Turnbull told the courtroom he was convinced that Chance took his rehab seriously. “I certainly don’t believe he poses a threat to the community,” the judge said. “If anything, he poses a danger to himself.”
After the hearing, Chance, dressed in a blue blazer and khaki slacks, fought tears and declined to comment.
As part of his probation, Chance will perform as yet unspecified community service in Harford County and continue in the recovery program.
When Bob Chance was first charged, a couple stories about him mentioned the “Bigfooter” part of his bio, and then most focused on the “Santa Bob” aspect of his personality.
It’s worth noting that the first paper that initially reported on Chance’s arrest and blared “Bigfoot Hunter” on its front page – The Baltimore Examiner – ceased operations on February 15, 2009.
Thanks to fuzzy and goodman.
About Loren Coleman
Loren Coleman is one of the world’s leading cryptozoologists, some say “the” leading living cryptozoologist. Certainly, he is acknowledged as the current living American researcher and writer who has most popularized cryptozoology in the late 20th and early 21st centuries.
Starting his fieldwork and investigations in 1960, after traveling and trekking extensively in pursuit of cryptozoological mysteries, Coleman began writing to share his experiences in 1969. An honorary member of Ivan T. Sanderson’s Society for the Investigation of the Unexplained in the 1970s, Coleman has been bestowed with similar honorary memberships of the North Idaho College Cryptozoology Club in 1983, and in subsequent years, that of the British Columbia Scientific Cryptozoology Club, CryptoSafari International, and other international organizations. He was also a Life Member and Benefactor of the International Society of Cryptozoology (now-defunct).

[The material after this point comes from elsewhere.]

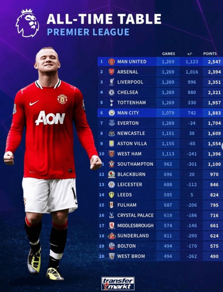 虎扑09月14日讯德转统计了自英超(自1992/93赛季以来)开拓以来各队累计比赛场次、总净胜球和总积分榜单。
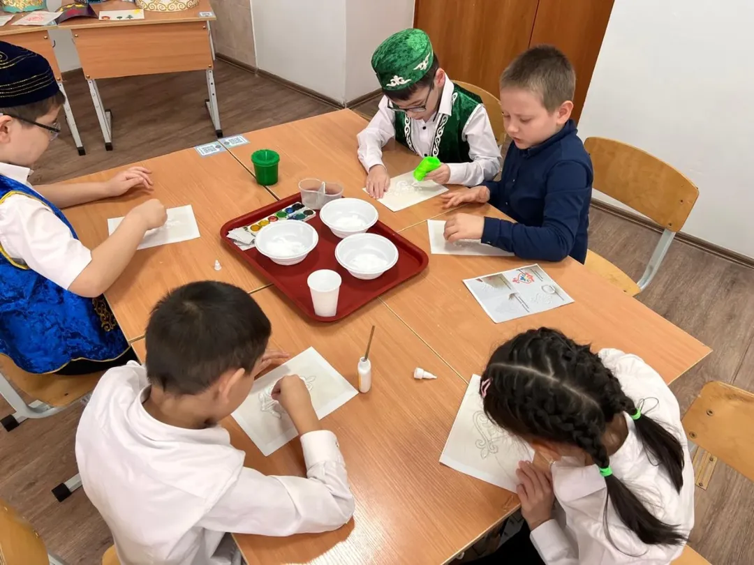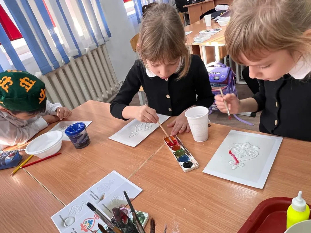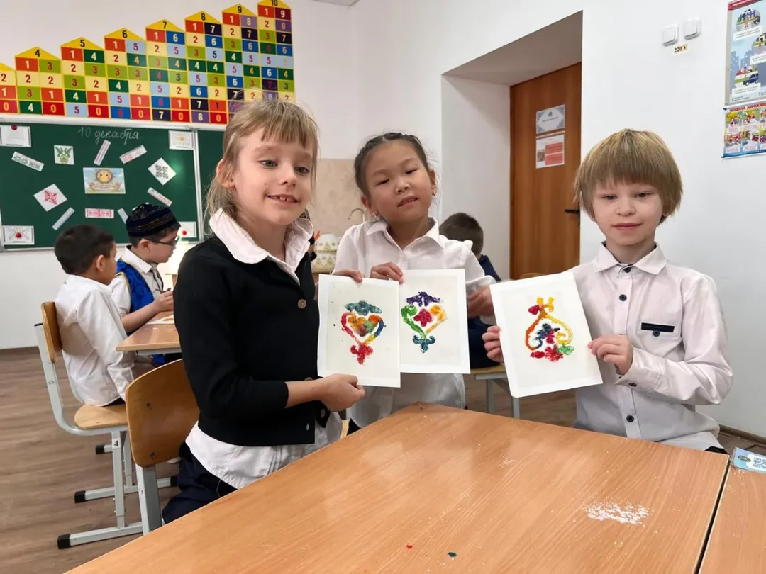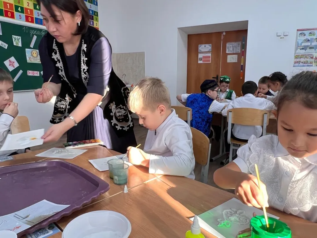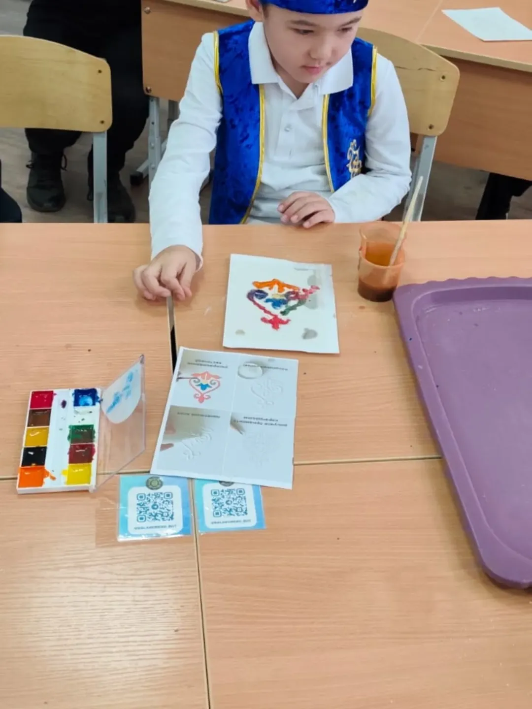 Дети были по-настоящему увлечены необычной техникой выполнения рисунка, которая позволила им создать красочные и фактурные изображения традиционных казахских узоров.

Loren Coleman’s daily blog, as a member of the Cryptomundo Team, served as an ongoing avenue of communication for the ever-growing body of cryptozoo news from 2005 through 2013. He returned as an infrequent contributor beginning Halloween week of 2015.
Coleman is the founder in 2003, and current director of the International Cryptozoology Museum in Portland, Maine.
Damn shame that the case was ever even brought to trial, if the only evidence of ‘criminal activity’ was the marijuana and mushrooms found at his home. Now the court has been tied up for months determining a sentence and this eminently harmless man is out $35,000 that I suspect he can hardly spare and branded a criminal for the rest of his life.
RANGER BOB from ROMPER ROOM, folks.
If marijuana had been legalized (and taxed) 40 years ago, the world today would be a better place.
It’s ridiculous to jail people for growing marijuana while subsidizing other people to grow tobacco. But that is exactly what our country did for decades. Now we’re paying people not to grow tobacco. But we’re not fining and jailing them if they do grow it.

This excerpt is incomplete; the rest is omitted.